Where once state law, school district
policies, and public officials worked to reduce truancy – kids missing school
without their parents’ permission (a.k.a. “skipping”) – the focus is shifting
to reducing absences of any kind. The shift is leaving untold collateral damage
in its wake, including the relationships between school administrators and the
parents they serve. And it’s shifting our culture to embrace the “state knows
best” mindset, minimizing the authority of parents and giving far too much
power to state officials to decide what’s “best” for individual children. It’s
also generating a lot of business for the social service industry.
Last week, the story of the Maynards –
referred to above – became the latest in a long list of such stories out of
Nebraska. Their story highlights much of what’s wrong with the “brave new
approach” to school attendance that’s sweeping the nation. Lucas experienced a
lot of illness – plus two days of impassable winter roads in rural Nebraska –
during the past school year. This innocent offense landed him in court, forced
to sit away from his parents between the prosecutor and the guardian ad litem assigned to him,
listening in terror as the judge informed him that one of the consequences of
his absences from school could be removal from his parents’ custody. (Children
are assigned a guardian ad litem in
cases of alleged abuse or neglect. So the state of Nebraska has implied that
the Maynards committed abuse or neglect by keeping their son home when he was
ill and when the roads were too dangerous to travel!)
The Maynards’ entire story can be read
at the Nebraska Family Forum blog. Unfortunately, it’s only one of
hundreds if not thousands of such cases, and that’s just in Nebraska. The toll
around the country is much higher, with many cases even more egregious, such as
this one involving a 9-year-old in Wyoming.
If you see attendance policies and
laws like this, don’t wait a day to contact your local school boards and state
legislators. They need to hear the message that laws and policies must protect
the fundamental right that parents have to make decisions for their children.
For those who are lucky enough to live in states and districts where this approach
hasn’t been implemented yet, watch your legislature and local board meetings
like a hawk! Proponents of this approach to school attendance are pushing the
“state knows what’s best for each child” approach all over the country,
including here in Utah this last session.
It’s another piece – an especially frightening
piece – of the education reform puzzle that is shaping up all over the country.
More stories from Nebraska
A quiet
middle-schooler with severe allergies is sent to the county attorney, forced to
submit to a drug test without her parents’ knowledge, made to feel like a
criminal, and ends up attending school when sick, staying in a quiet room where
she naps and eats lunch – just so they can count her present.
A
mother decides to homeschool her 3rd-grade daughter for the last few
weeks of the school year after school officials fail to deal with her bullies
and she gets beaten with a stick on the way home from school.
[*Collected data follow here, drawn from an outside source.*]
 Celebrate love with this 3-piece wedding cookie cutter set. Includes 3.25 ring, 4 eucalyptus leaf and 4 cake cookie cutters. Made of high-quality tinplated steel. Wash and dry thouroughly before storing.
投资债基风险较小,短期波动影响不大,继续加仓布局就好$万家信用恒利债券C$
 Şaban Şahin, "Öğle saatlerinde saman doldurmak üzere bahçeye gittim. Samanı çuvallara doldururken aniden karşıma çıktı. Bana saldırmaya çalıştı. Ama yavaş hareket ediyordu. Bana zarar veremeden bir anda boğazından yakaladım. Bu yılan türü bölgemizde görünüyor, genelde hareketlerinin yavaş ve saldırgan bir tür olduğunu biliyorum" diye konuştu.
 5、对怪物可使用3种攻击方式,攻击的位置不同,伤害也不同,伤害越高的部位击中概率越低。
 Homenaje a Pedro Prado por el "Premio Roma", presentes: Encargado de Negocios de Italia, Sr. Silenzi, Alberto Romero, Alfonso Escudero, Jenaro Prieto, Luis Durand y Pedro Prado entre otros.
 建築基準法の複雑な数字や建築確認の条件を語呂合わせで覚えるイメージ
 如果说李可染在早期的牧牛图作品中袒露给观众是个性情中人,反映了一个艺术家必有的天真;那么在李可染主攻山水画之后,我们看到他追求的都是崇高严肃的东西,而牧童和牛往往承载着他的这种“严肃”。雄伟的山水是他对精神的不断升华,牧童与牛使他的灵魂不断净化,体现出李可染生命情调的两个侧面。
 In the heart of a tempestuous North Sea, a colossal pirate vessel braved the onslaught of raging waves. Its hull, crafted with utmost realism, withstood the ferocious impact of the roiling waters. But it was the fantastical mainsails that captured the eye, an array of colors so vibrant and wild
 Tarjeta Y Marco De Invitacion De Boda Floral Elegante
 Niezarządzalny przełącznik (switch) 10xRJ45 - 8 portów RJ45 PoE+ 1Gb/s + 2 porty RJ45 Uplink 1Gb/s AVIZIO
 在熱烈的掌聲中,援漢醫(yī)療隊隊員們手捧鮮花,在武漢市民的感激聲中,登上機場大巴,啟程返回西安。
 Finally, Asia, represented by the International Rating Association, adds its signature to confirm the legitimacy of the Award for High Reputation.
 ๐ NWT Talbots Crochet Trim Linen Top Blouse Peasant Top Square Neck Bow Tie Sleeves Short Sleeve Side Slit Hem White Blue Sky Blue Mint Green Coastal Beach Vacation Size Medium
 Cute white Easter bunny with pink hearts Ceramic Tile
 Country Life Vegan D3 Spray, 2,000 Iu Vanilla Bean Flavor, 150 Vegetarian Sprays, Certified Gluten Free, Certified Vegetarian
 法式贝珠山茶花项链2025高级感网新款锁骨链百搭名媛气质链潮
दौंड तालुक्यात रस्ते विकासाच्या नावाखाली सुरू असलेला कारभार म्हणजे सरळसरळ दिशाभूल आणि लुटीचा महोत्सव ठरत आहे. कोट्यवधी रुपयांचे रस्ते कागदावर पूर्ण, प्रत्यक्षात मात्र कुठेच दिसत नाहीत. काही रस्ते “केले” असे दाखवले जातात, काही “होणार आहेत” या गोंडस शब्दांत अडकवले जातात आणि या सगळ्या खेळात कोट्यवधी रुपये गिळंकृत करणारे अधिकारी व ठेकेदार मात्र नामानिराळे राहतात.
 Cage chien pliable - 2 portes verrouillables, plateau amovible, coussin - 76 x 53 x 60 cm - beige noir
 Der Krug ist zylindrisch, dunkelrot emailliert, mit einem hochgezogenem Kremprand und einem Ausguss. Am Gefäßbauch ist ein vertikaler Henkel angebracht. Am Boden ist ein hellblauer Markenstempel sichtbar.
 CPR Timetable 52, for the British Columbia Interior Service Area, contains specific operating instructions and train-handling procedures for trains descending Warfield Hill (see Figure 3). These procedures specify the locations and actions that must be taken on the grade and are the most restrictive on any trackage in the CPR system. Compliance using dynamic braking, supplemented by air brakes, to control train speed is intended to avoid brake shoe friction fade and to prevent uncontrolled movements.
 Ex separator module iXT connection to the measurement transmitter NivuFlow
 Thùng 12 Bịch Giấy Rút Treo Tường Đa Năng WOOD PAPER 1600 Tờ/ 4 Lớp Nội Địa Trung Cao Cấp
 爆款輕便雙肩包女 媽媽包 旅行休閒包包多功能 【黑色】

Because she
doesn’t waited to receive official notice of approval from the state – her
daughter was in imminent physical danger – when she comes back the next year
she is reported to law enforcement, made a ward of the state, and her mother is
placed on the child abuse and neglect list.
The
story of a 15-year-old boy with autism shows how families who already struggle
with unique challenges are abused and put through further suffering by the
state of Nebraska and its school districts.
A
well-liked honor roll student with seasonal asthma is forced into a “diversion
program.” Diversion from what? Asthma? The solution the following year is that
when she is too sick to go to school, her parents must bring her to school so
the school nurse can verify the parents’ judgment.
What You Can Do:
Know your state representative and state senator, as well as your local school board representatives. Keep an eye on the legislature when it's in session and on school board meetings, and be prepared to speak up if you see something that concerns you, or something that pleases you. Our representatives need our positive feedback when they are considering something we like as much as they need our negative feedback when the situation calls for it.